## [Work item]
Print, word for word, the line containing "5A 20V 100W" and all lines beneath it to the end of the entries below. Pictures do not belong in the copy.

## [Data]
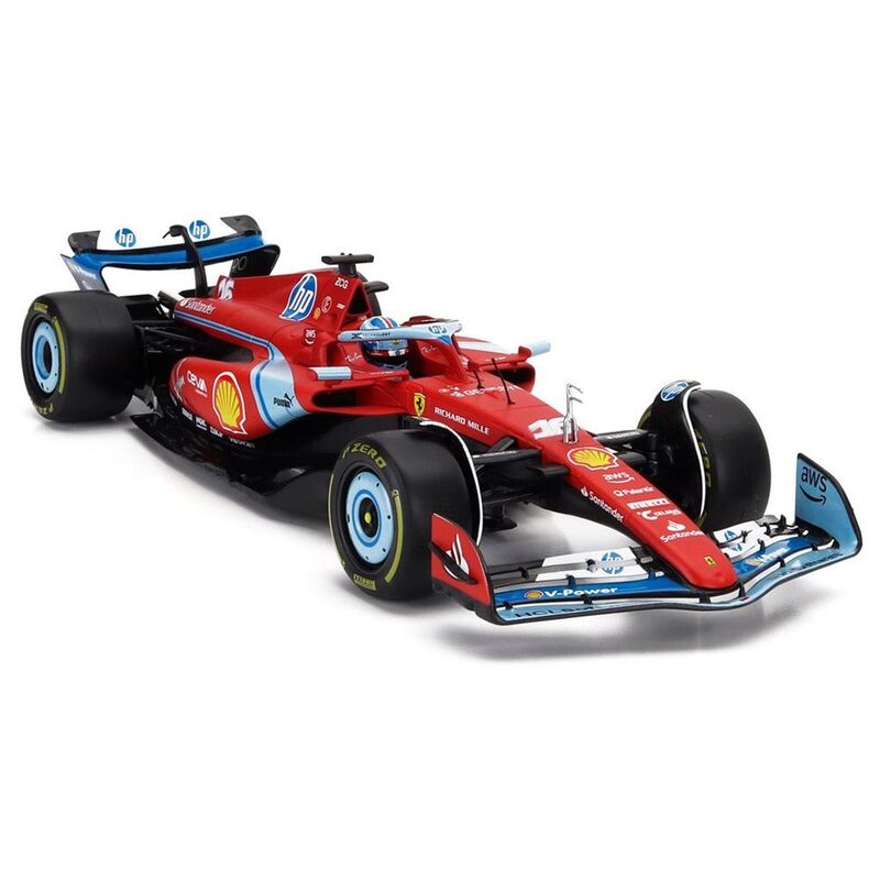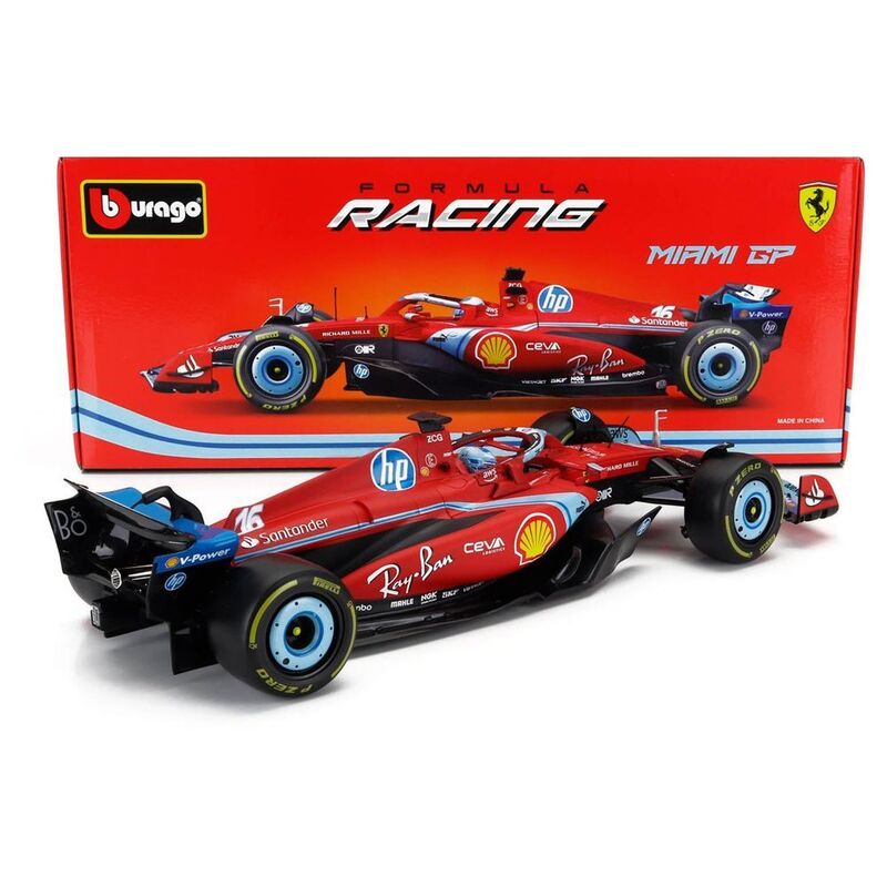 Bburago Formula 1Ferrari Miami Gp Sf24 1.18 With Helmet & Plastic Stand Die Cast
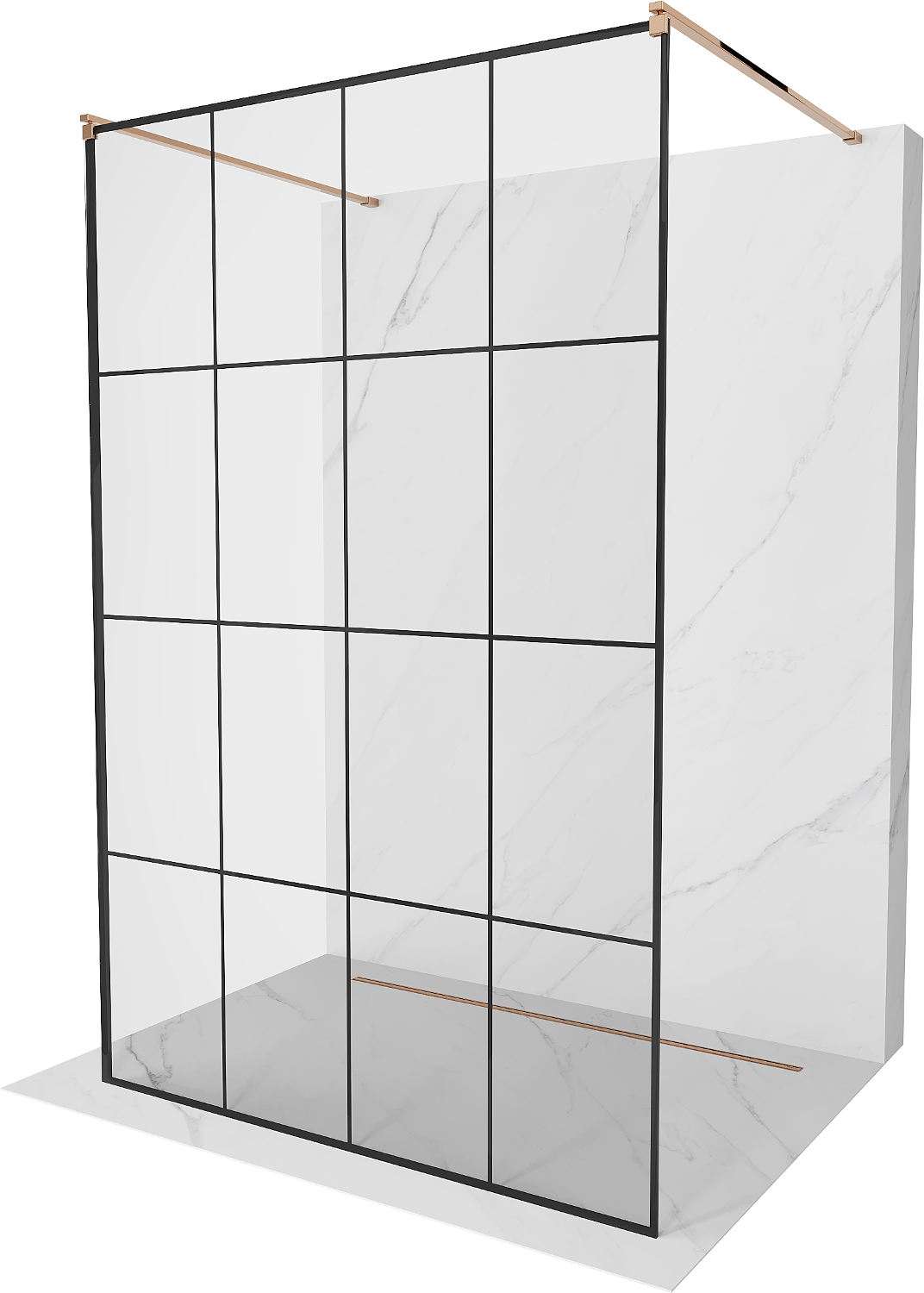 Mexen Kioto paroi de douche autoportante 140 x 200 cm, grille noire 8 mm, or rose - 800-140-002-60-77
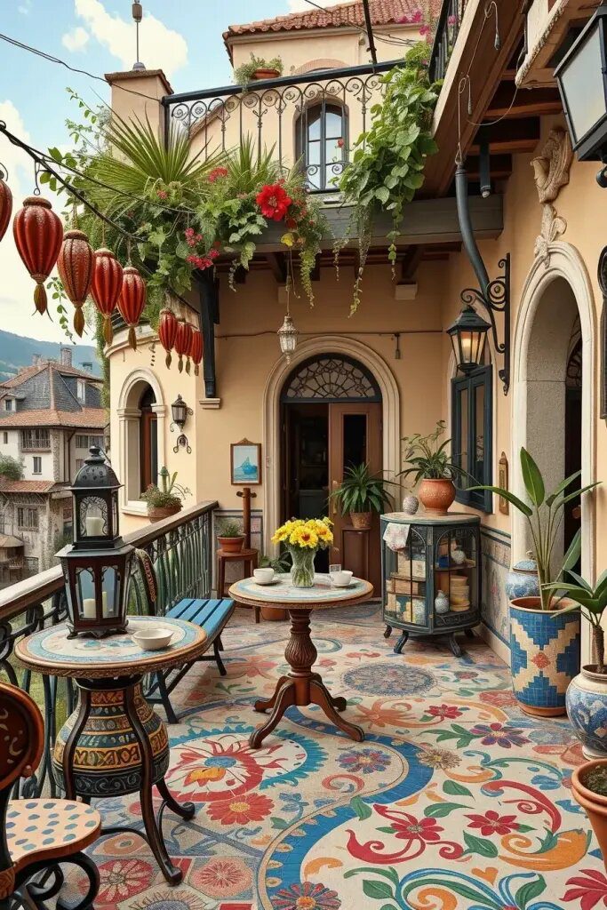 I really love balconies that have mosaic tiles because you can tell that a lot of care and creativity went into making them. It’s amazing to see how these balconies turn into works of art, with the floors and walls decorated with cultural designs, architectural elements, or even abstract paintings inspired by the area. It’s like turning a regular balcony into a piece of art that adds so much personality to the outdoor space.
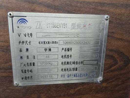 2017年12月 多台44座有暖气宁德时代宇通6115电车
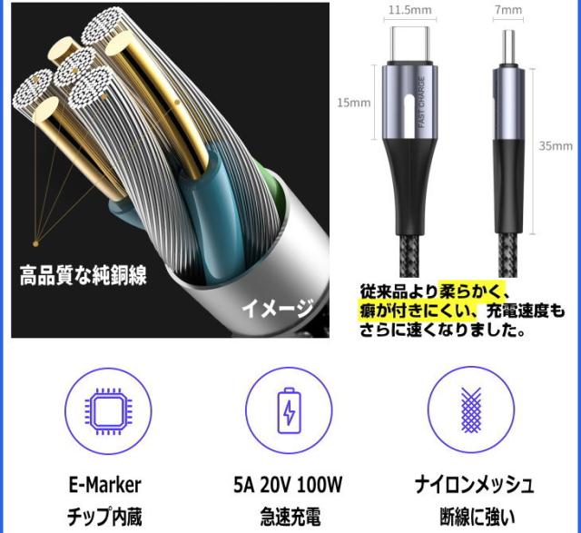 ■usb type−c ケーブル PD充電 急速充電ケーブル 5A 20V 100W
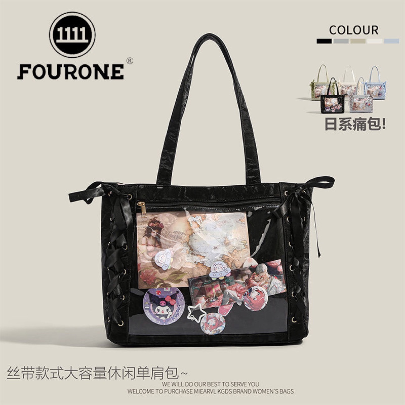 痛バック A4 痛バ レースアップ トート トートバッグ 痛バ 大きめ リボン レザー 見せバッグ 透明 大容量 革 推し活バッグ 推しバッグ 推しごとバッグ 編み上げ Lサイズ レディース
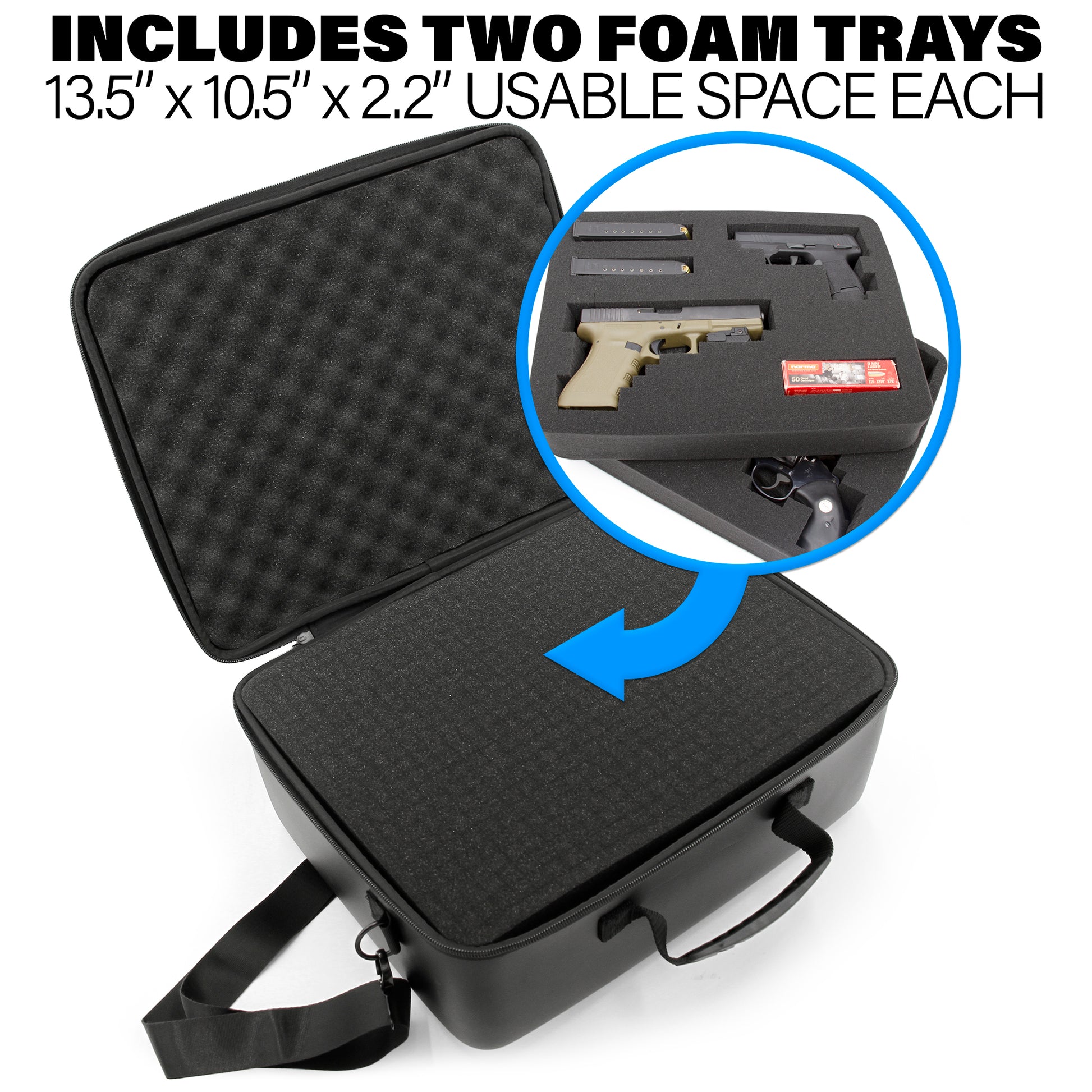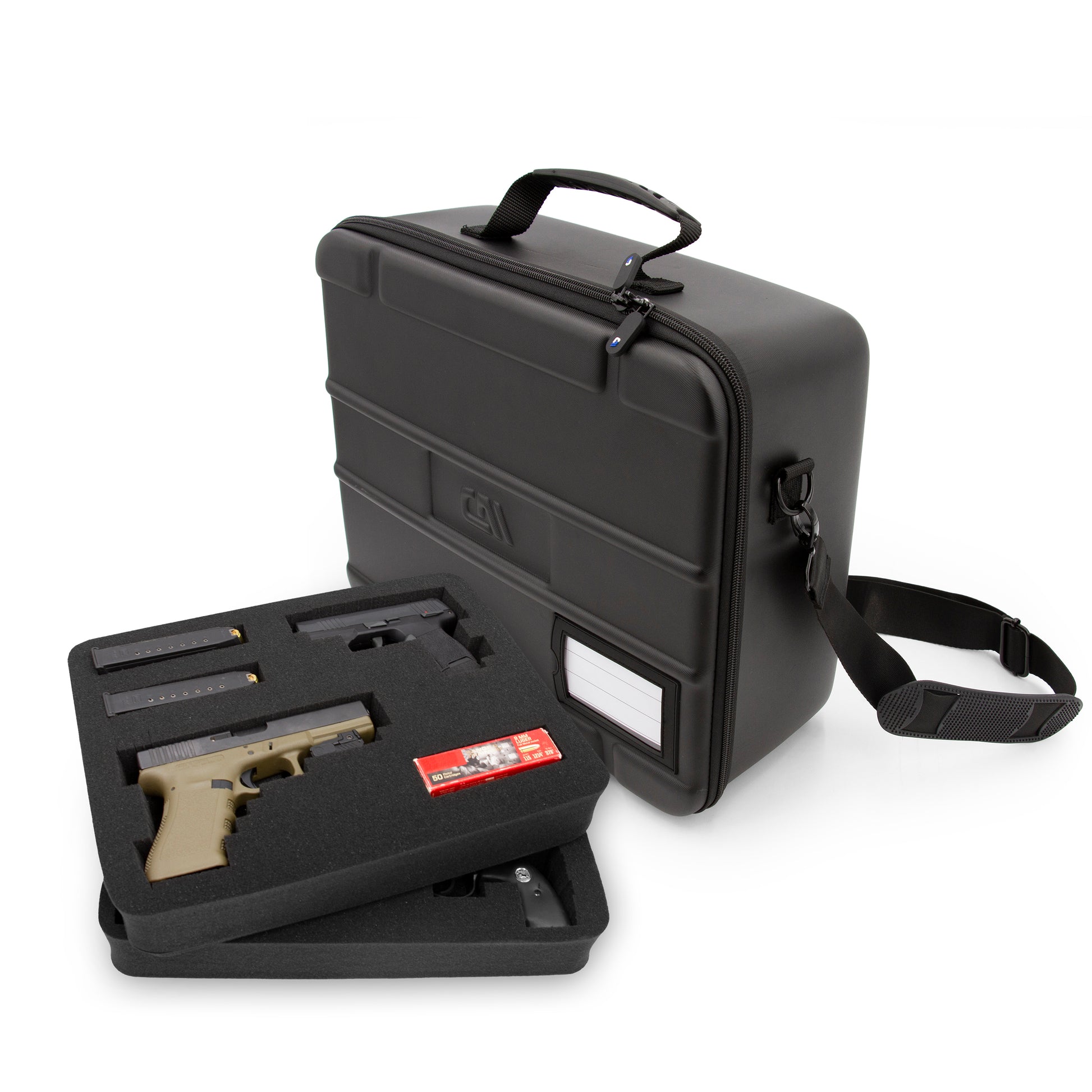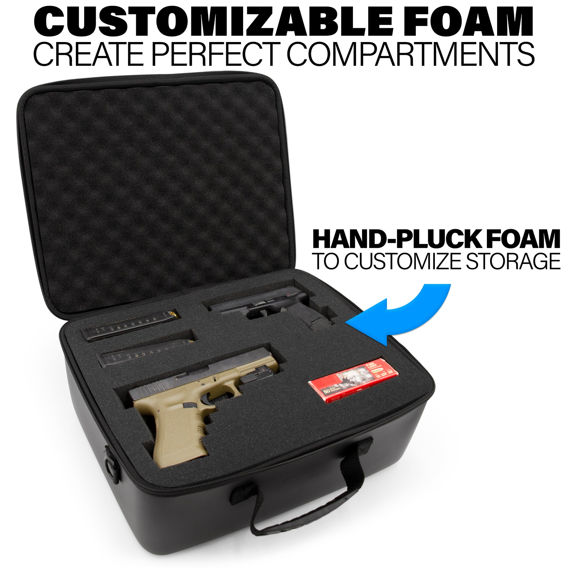 • Holds Up To 4 Pistols: CASEMATIX Range Bags for Handguns and Ammo are the perfect way to travel with up to four handguns, or several handguns and accessories. They feature customizable interior foam and hard shell outer construction designed specifically for firearm protection and organization during transport.

## [Response]
 ■usb type−c ケーブル PD充電 急速充電ケーブル 5A 20V 100W
 痛バック A4 痛バ レースアップ トート トートバッグ 痛バ 大きめ リボン レザー 見せバッグ 透明 大容量 革 推し活バッグ 推しバッグ 推しごとバッグ 編み上げ Lサイズ レディース
 • Holds Up To 4 Pistols: CASEMATIX Range Bags for Handguns and Ammo are the perfect way to travel with up to four handguns, or several handguns and accessories. They feature customizable interior foam and hard shell outer construction designed specifically for firearm protection and organization during transport.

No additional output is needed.